Eventually, customers will get to control how much sauce
and seasonings they want the robot to add. "The nice thing about using a
machine is that it's very precise, so if someone has a sodium limit, or
something like that, we can track that sort of thing and provide a little
customization," says Frehn.
In a city of pricy boba drinks and marked up avocado
toast, Vardakostas says Creator's mission is to improve food quality and make
it accessible. Burgers are $6. "We want everyone to be able to
partake," he says.
Word is spreading. Los Angeles-based high school student
Moses Rosales heard about Creator on YouTube and convinced his mom and aunt to
dine there during a two-day trip to the Bay Area. "It was amazing to see
how a robot made a burger," Rosales says. "I didn't know how far you
could go with it. Now I'm seeing it's a really high-end burger."
For now, Creator is the only home to two burger-making
robotic machines, although Frehn says they hope to expand.
On the ground floor of the San Francisco building that's
also home to offices for Microsoft and Riverbed, approximately 10 Creator
staffers worked the soft-launch lunch shift this summer. Employees, who start
at $16 an hour, are allowed to spend 5 percent of their time on the clock
reading or learning a new skill. Bookstore-style "staff picks" fill
the three bookshelves, with titles including Alice Waters' The Art of Simple
Food and Michael Pollan's The Omnivore's Dilemma.
Creator is focused on the service and culinary side of
the business, too. "We've been pretty firm about not having an automated
ordering process, with kiosks or something like that," says Vardakostas.
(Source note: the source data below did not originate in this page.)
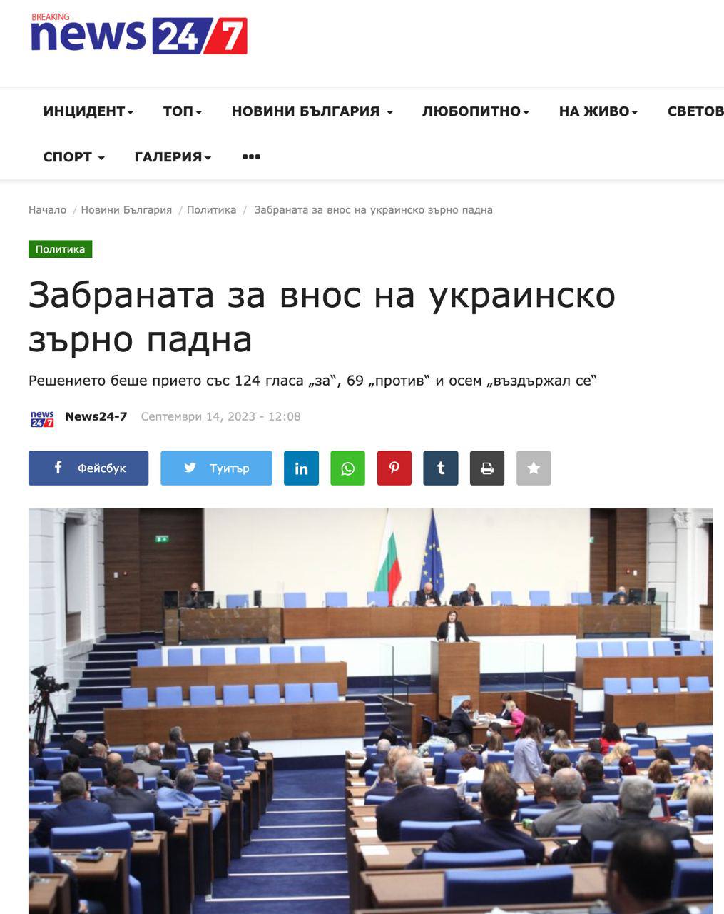"Принимая во внимание солидарность Республики Болгария с Украиной, Болгария не поддерживает продолжение после 15 сентября 2023 года чрезвычайной меры, запрещающей импорт в Республику Болгарию, Республику Польша, Венгрию, Румынию и Словацкую Республику пшеницы, кукурузы, рапса и семян подсолнечника из Украины", - говорится в решении парламента.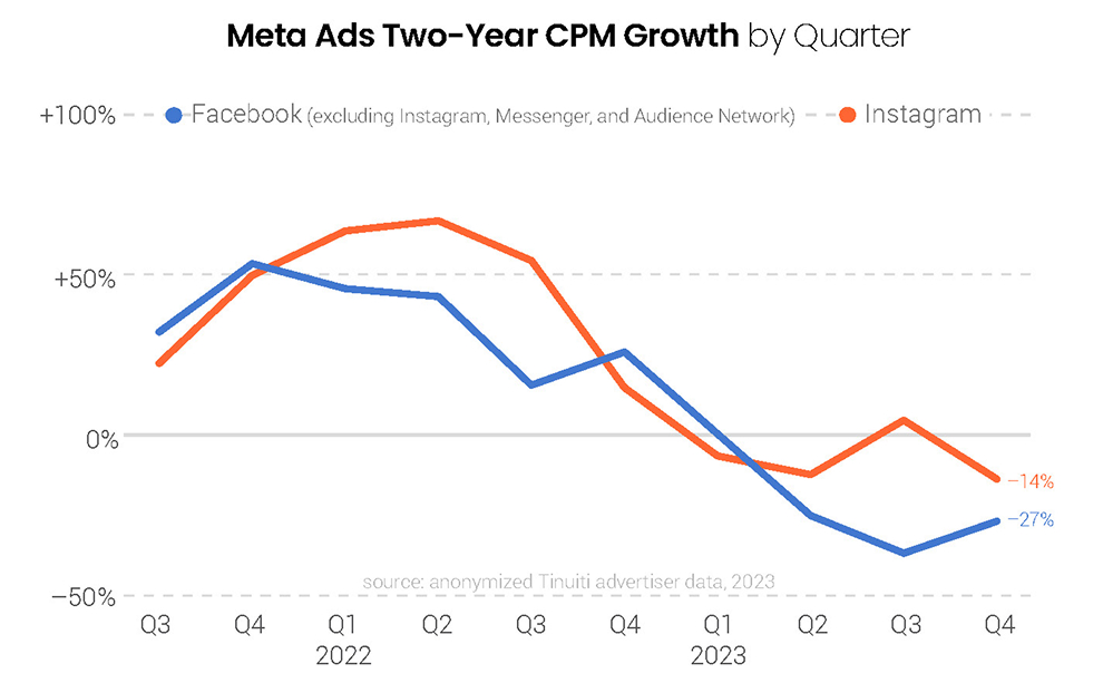In the final quarter of the year, Facebook advertisers saw CPM decline 27% relative to Q4 2021, the third straight quarter in which Facebook declined by at least 25% on a twoyear basis. Despite Instagram CPM growing 2% in year-over-year terms in the fourth quarter, the f irst positive growth since Q3 2022, impression pricing still fell 14% on a two-year basis. Pricing has been softer over the last year in part due to the rise of newer inventory sources like Reels across both Facebook and Instagram.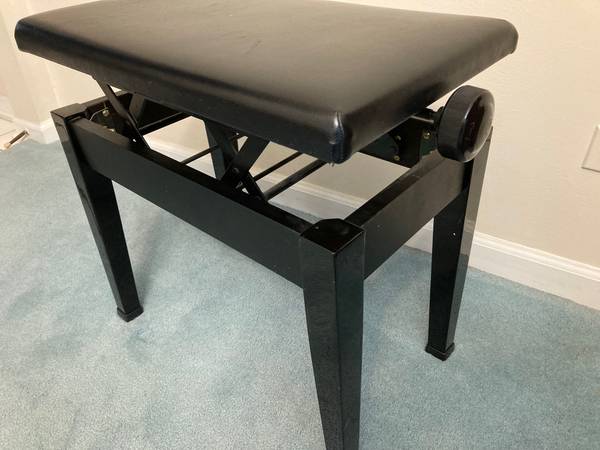 Piano Bench 21"L x 12"W x 17-1/4"H Adjustable Height up to 20-1/4H Polished Black, Padded Seat, Sturdy Construction. Excellent Condition. available as long as the post is up.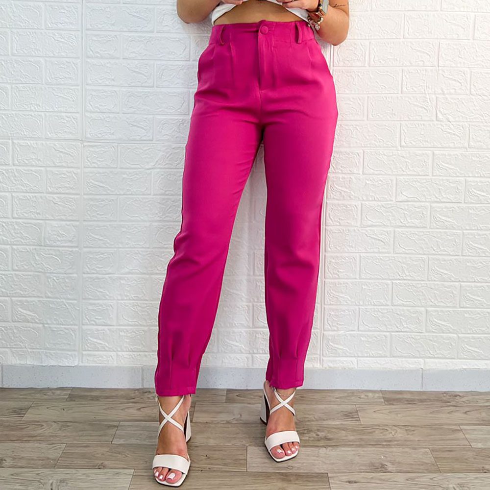 Calça Alfaiataria com dois bolsos laterais, cintura alta, abertura e fechamento em zíper.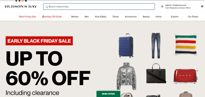 【加国生活网】加拿大Bay商场的黑五促销已经提前一周在实体店和网站同时举行了,好多产品up to 60% off,包括已经打折商品,大家赶紧去淘货吧。如果你已经看好了某个款式的衣服或鞋子,赶紧趁着现在打折力度大时去扫货,女装 up to 40% off、男装up to 30% off。更多优惠请到官网查询:https://www.thebay.com/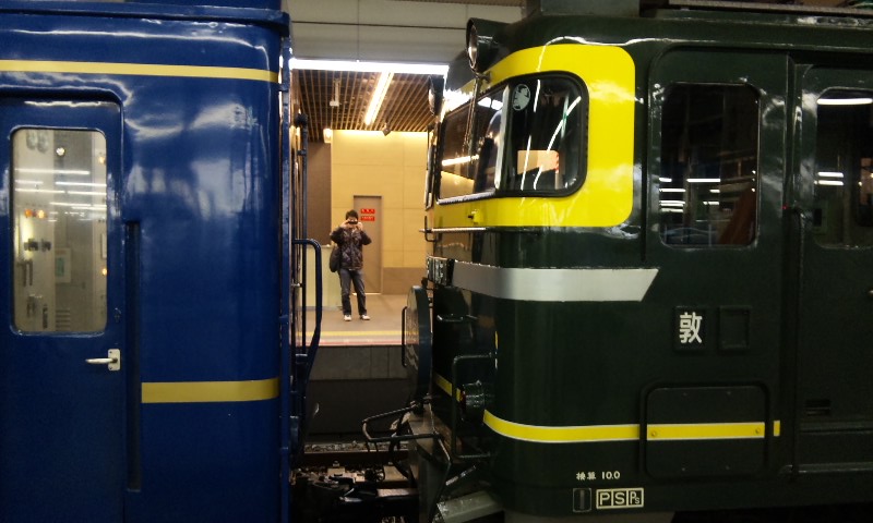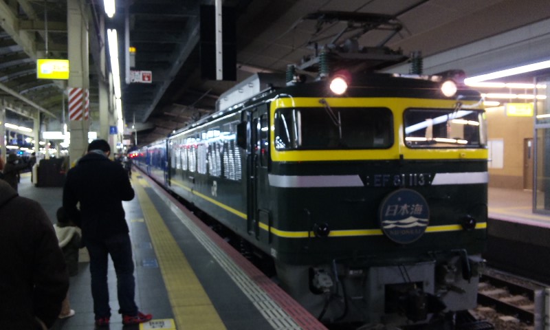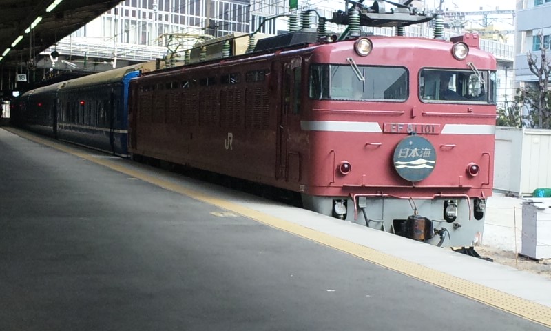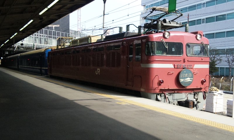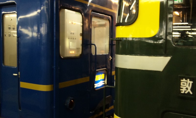 今回は、北陸の特急街道を 走っ“た”電車と、走り“続ける”電車、2列車を特集。 ★北陸路を駆け抜けた「ライチョウ」★ 485系の国鉄色として、一際目立つ存在の「雷鳥」。 古めかしい姿が、とってもカッコイイです!! 「特急 雷鳥 金沢」 白背景に、このフォント。 この方向幕、僕は好きです! なんかこの塗装見てると、外国の古い電車みたいに見えるw 小さいお子様も、釘付け・・・なのかな? 前面を、アップ気味に。 あっという間に京都駅から去ってしまいました・・・ てか、パノラマ型の方の先頭車両、これしか撮ってなかった!! ・・・てことで、大阪で、再戦決定!! ・・・と思いつつ、月日は過ぎる―。 「文殊」の撮影後、新大阪駅に滑り込んできたのは う・・・ 「雷鳥」、しかも非パノラマ・・・>< う・・・、とんだ>< とか言いつつ、 電光掲示板で「雷鳥」の文字を見るや否や、 先頭車両の停止位置に予め待っていた・・・という確信犯だったりする(爆) 雷鳥のテールマーク。 この画像、好きだなぁ、おれ。 後ろはパノラマ車だった・・・>< ・・・こうなったら、意地でも撮ってやる!! ってことで、 やってきました、大阪駅! 今度は、ちゃんと神戸方のホームで待機!! ちゃーんと、撮れましたよ! 「撮れてねぇんだろ・・・」なんて思って方、残念でしたww 環状線の電車と競演・・・ というかカメラ技術のお陰で残念な競演になってしまった(爆) 手ブレがちょっとひどくなってきたので・・・ 三脚などない(というか携帯での撮影・・・)ので、 かばんの上において撮影してみました。 最終的にはこれぐらいの人に。 やっぱり、引退まで1ヶ月前でしたが、人気は高かった・・・!! 雷鳥の記事はこれにて終了・・・ え? 「お前のブログは座席見せてナンボだろ!!」って?? ・・・忘れてました、ハイ。 すんません。 でも、次の電車も座席(というか車内)撮ってませんwwww ★「日本海沿い」を夜中に駆け抜けるデンシャ★ 今のところは「引退」なんてフレーズは耳にした事は無いですが、 昨今のブルトレ引退ラッシュの事を考えると、それは遠くない現実なのかも・・・ と思って、撮りに行きました。 (新大阪駅で「北近畿」待ってたら、偶然、遅れていた「日本海」をキャッチした・・・なんてことはヒミツ) いつまで待ってても動き出す気配なし・・・ 1時間以上遅れていたこの列車、今考えても、何かあったのでしょうかね? 扉と方向幕をセットで。 左手に、見にくいですが、タンゴエクスプローラーが止まっていて、 実は競演を果たしていたりもしますw やがて動き出し、新大阪駅を後にしていきました・・・ 後日・・・ 大阪駅で、トワイライトに充当されるEF81特別色の機関車での日本海を発見! たまに、というかごく稀にですが、特別色での運行もあるようです。 機関車と客車の結合部分。 テールマーク・・・見にくいか(汗) 同じことしてる方が!!ww 最後に、日本海 青森行き という方向幕を。 というわけで、今回は北陸方面へ走る列車2本をお届けしました! 残り2回を予定しています。 #5は、いよいよお待たせ!の こちらの電車を特集! #6は、今まででアップしていないであろう・・・ このような近郊電車を、「一挙乱れ打ち」公開しようと思っています! どうぞ、お楽しみにお待ち下さい!!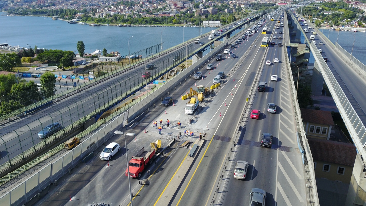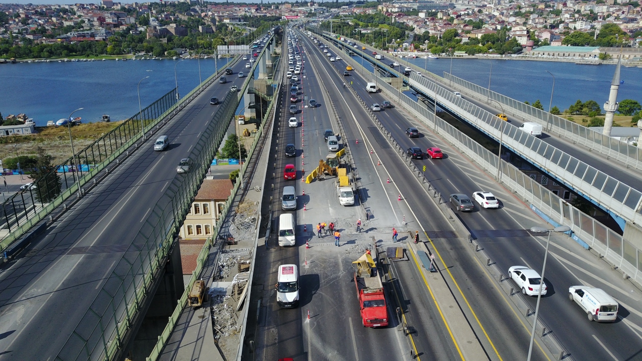 Haliç Köprüsü`nün kara yoluyla bağlantısını sağlayan derzlerin aşınması üzerine yapılan çalışma kapsamında, bazı şeritler kademeli olarak kapatıldı.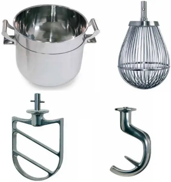 Миксер комплектуется съёмной дежой, изготовленной из нержавеющей стали, тонкопроволочным венчиком, крюком (не спиральный) и битером.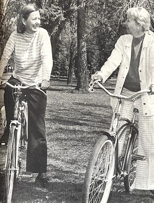 Mary Lou Reed, the Grand Dame of the Kootenai County Democrats, and her Fernan neighbor, Donna Young, were part of the local bicycle craze 50 years ago (May 28, 1974).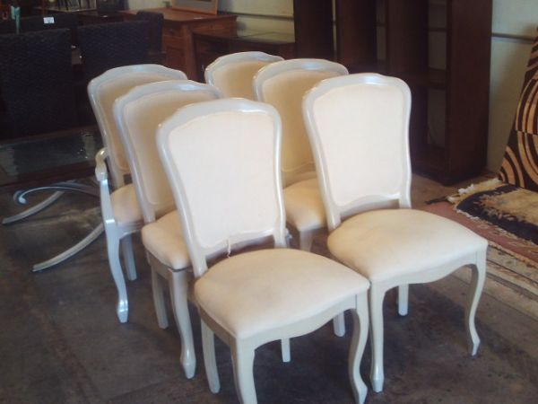 SET OF 4-- White Lacquer Chairs - 2 Arm Chairs, 3 Side Chairs - 1 Side Chair need TLC.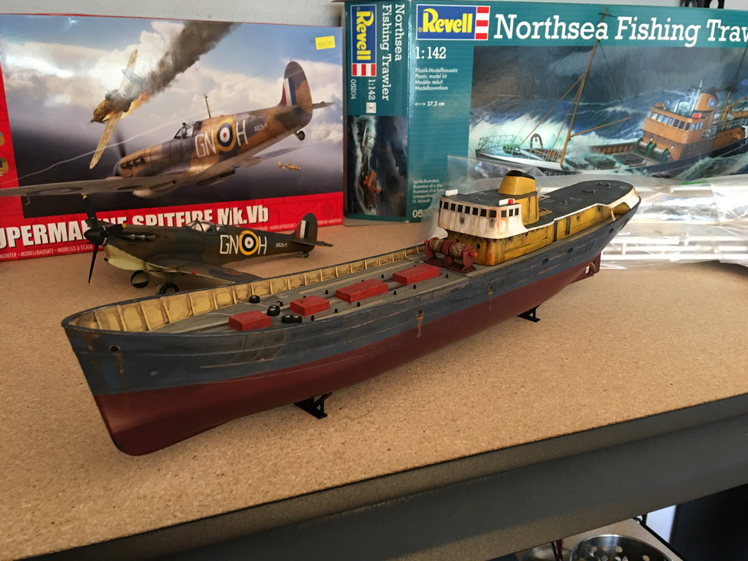 Well I completed the build. Biggest takeaway is that I need a bigger, better workbench. I may make one. I also need better lighting with a magnifying glass on it, I was really straining my eyes with this. Anyway, here’s my weathered, salty and rusty trawler. I like working with acrylic washes as it reminds me of watercolor painting. I was sort of rushing through this build as I’m not going to be able to spend time on kits for the next 3 weeks, nor do I want to think about them (vacation coming up), but I did spend a lot of hours on this in hindsight. Those life preservers were a pain to paint, and ended up using a finely sharpened toothpick a lot. On that note, my wife was impressed, saying she can barely paint her nails let alone something like those tiny life preservers. All in all I’m pretty happy with how it came out, and it looks better in person I feel.

"So we have people, and that costs us money. But at the end of the day,
that makes for a better guest experience and it's a more human-centered
restaurant."
Creator is not the only restaurant to feature a
food-making robot while also making an effort to retain its humanity. Cafe X
has three San Francisco locations. Each features a robotic coffee-making arm
that can produce drinks in 30 to 40 seconds. Customers retrieve their beverages
by punching in a texted code sent to their phone.
Opal Franklin, a recent college grad working at the
Market Street Cafe X location, walks the small space on a Friday afternoon. She
offers customers and curiosity-seekers oat milk samples before explaining,
"Often times people say that we take away barista jobs, but we in a sense
shift the job. The robot is very precise and it's very practical, so we have a
product specialist on site to answer questions and help people out and make it
more humanistic."
While still in their early days, culinary robots are
starting to pop up beyond San Francisco. In nearby Silicon Valley, Zume Pizza
delivers pies pressed by a "Doughbot" in nine seconds. Across the
pond in Paris, startup Ekim has created a three-armed robot that makes pizzas
from start to finish. On the East Coast, four MIT grads opened Spyce in Boston
in May, which features robotic tumbling woks that create customized bowls,
under the culinary direction of renowned French chef and restaurateur Daniel
Boulud.
While the culinary robotics show at Creator wows, this
isn't a novelty to the team. "We put a lot of care and effort into making
sure this would have a positive effect on consumers," says Frehn.
"And we worked to create a better retail job as well."
Anna Mantzaris is a San Francisco-based writer.